Vir Biotechnology, Inc. today (November 8) announced new data from its robust hepatitis B virus (HBV) portfolio aimed at achieving a functional cure. These data, plus health outcomes research, are being presented at the American Association for the Study of Liver Diseases (AASLD).

The Liver Meeting was delivered in two oral presentations, both of which were selected for inclusion in the Best of the Liver Meeting summary, a poster and a late-breaking poster presentation. The Best of the Liver Meeting designation underscores the strength of Vir’s broad hepatitis portfolio, which is addressing both HBV and hepatitis D virus (HDV).

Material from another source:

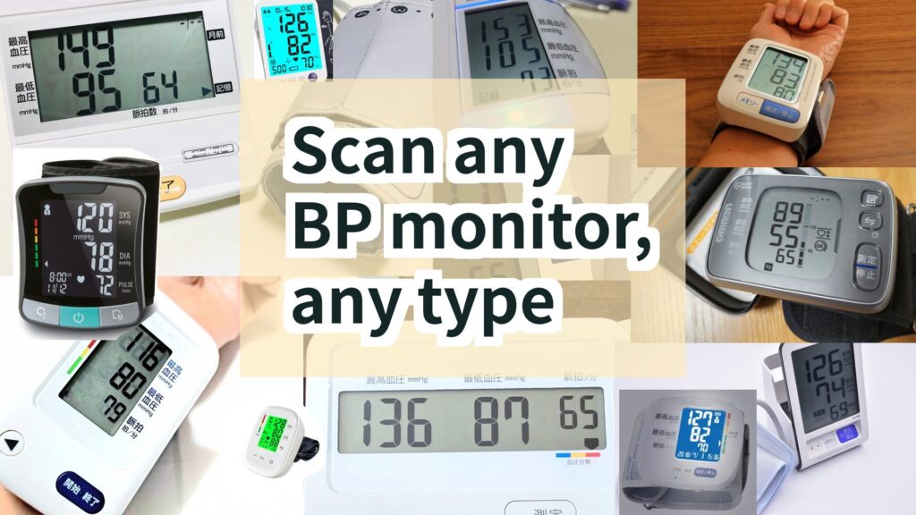 Blood pressure monitors that display systolic, diastolic, and pulse values using digital numbers (7-segment digits made of 7 bars) can be scanned, regardless of brand or model. Both upper arm and wrist types are supported.

In one oral presentation, new preliminary data from an ongoing phase 2 trial demonstrated that 30.8% of participants receiving 48 weeks of VIR-2218, an investigational small interfering ribonucleic acid (siRNA), initiated concurrently with pegylated interferon alpha, achieved hepatitis B surface antigen (HBsAg) seroclearance with anti-HBs seroconversion.
Vir Biotech

Additionally, 48 weeks of VIR-2218 plus pegylated interferon alpha provided greater reductions in HBsAg compared to VIR-2218 alone or with shorter regimens of the combination. No new safety signals were identified.

Man-Fung Yuen, chief of division of gastroenterology and hepatology, The University of Hong Kong, said:  “These new preliminary data demonstrate that VIR-2218 can be potentiated by immunomodulating agents such as pegylated interferon to achieve meaningful HBsAg loss.

“The higher rates of HBsAg seroclearance with anti-HBs seroconversion by the end of the 48-week treatment could be indicative of the potential for this regimen to serve as a curative chronic HBV treatment with a finite duration.”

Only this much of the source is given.